# Predict expected value from past and current data

Fred Marshall used Ask the Experts™
on
I have a cash projection model in Excel.
I have around 10 years of monthly data.
There are around 10 sources of cash and around 10 uses of cash.
I have determined the type of distribution which best fits each of the 20 series.
I have calculated the pertinent statistical parameters of each of the 20 series (e.g. mean or mode, standard deviation, etc.)
I have fitted the selected distributions with their respective parameters.
Some of the series have a normal distribution around a relatively high mean value.
Some of the series have a more Rayleigh or Weibull distribution - always positive but not symmetrical.

The purpose of the model is to predict the cash position over each of the next 12 months.
In some cases, a series has a growth factor to be included.

Each month, for each series, the current actual value is appended resulting in a new series of actual values.

Then an expected value is calculated for each of the next 12 months.

The question is:
Given a random series with known distribution parameters, what is a good way of generating expected value predictions?

In some cases, it appears that the best prediction is the current value.
However, if there's an outlier in the current value, this doesn't work well.
Comment
Watch Question

Do more with

EXPERT OFFICE® is a registered trademark of EXPERTS EXCHANGE®
Partner

Commented:
By the look at your question I see that it is a bit hard to visualize unless with an attached workbook. I understand though by your description that the figures may be very sensitive and confidential reason why I suggest you mockup a file and change sensitive data and post same and then by indicating specifically on the data posted what you want I guess we can take it from there on.

Gowflow
Principal

Commented:
gowflow:  Thank you!
Well, as usual, I likely gave too much information.  The Excel aspect isn't all that important.  It boils down to:

The question is:
Given a random series with known distribution parameters, what is a good way of generating expected value predictions?

In some cases, it appears that the best prediction is the current value.
However, if there's an outlier in the current value, this doesn't work well.

Said another way, given a random series with rather strong medium-length trends, what is a good way of generating expected value predictions?
Stock prices are be a good example of this.  Some time ago, I had figured the best expected value prediction was the current value - considering relatively short intervals of time.

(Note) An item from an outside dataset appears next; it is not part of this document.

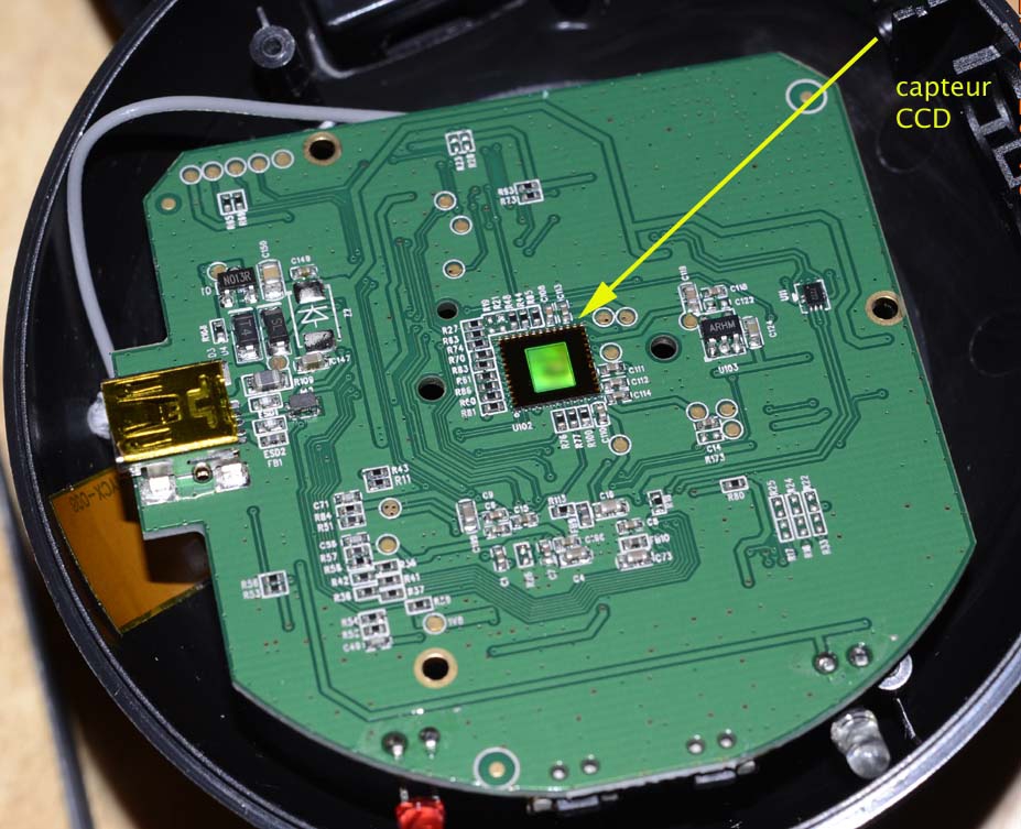 Il y a une lentille de champs qui n'est pas du tout asphérisée (d’où le grand flou dès qu'on s'écarte du centre de l'image!!) et une autre petite lentille collée à un filtre anti IR ; tout ça pour que la cam présente un grand champ !!! et donc grosse perte de définition évidente qui n'est pas liée au capteur mais à l'optique Bresser posée dessus.

Said another way, given a random series with small medium-length trends and with possible large deviations from the "normal" expected value, what is a good way of generating expected value predictions?
Monthly mortgage loans made are an example of where the standard deviation isn't so large but any monthly value can be an outlier.
Partner

Commented:
OMG ! you threw out of the league !!! If you have something specific in Excel I can help you with to the max extent but this is like trying to see the best way to gamble to win the lottery !!!.

Sorry I withdraw
Gowflow
Principal

Commented:
Yes, I have the feeling that the "problem" isn't well-posed.  That's why I'm asking for inputs.
Some thoughts:
It's certainly not gambling - it's analysis even though Monte-Carlo does come up.  :-)

Why bother to calculate future expected values when one can generate a distribution using different methods which, unto itself, will have an expected value?
One answer might be "as a check".  Another answer might be: "because it's more efficient" or "it takes less code".
So, if one just uses Excel, the latter will likely require using VBA in order to generate many solutions based on the distributions of the inputs.

But, if one uses Excel with Frontline Solvers' Analytic Solver and Monte-Carlo approach then it's easy.

The basic question remains:
Given a random series with known distribution parameters, what is a good way of generating expected value predictions?
Most Valuable Expert 2013
Commented:
"However, if there's an outlier in the current value, this doesn't work well. "

That's always the problem when real life and mathematical modelling collide :)

So you have monthly and annual trends for about 10y worth of real world data and a separate trend for growth in the system (inflation/productivity increases)

It sounds like you have annual modelling already in place provided your monthly data fits witihn a previous pattern so what you could look at is highlighting these outliers and their variance from expectation .  You've probably enough data to have a mean and SD for historic monthly totals that could do this.

You can then produce two predictions for the year; one that shows real data but highlights those months that are outliers and variance from expected mean (+ growth) - Range bars are useful for this; a second graph could use the outlier monthy figure as a mean of the outlier and all previous months - again showing variance from expected.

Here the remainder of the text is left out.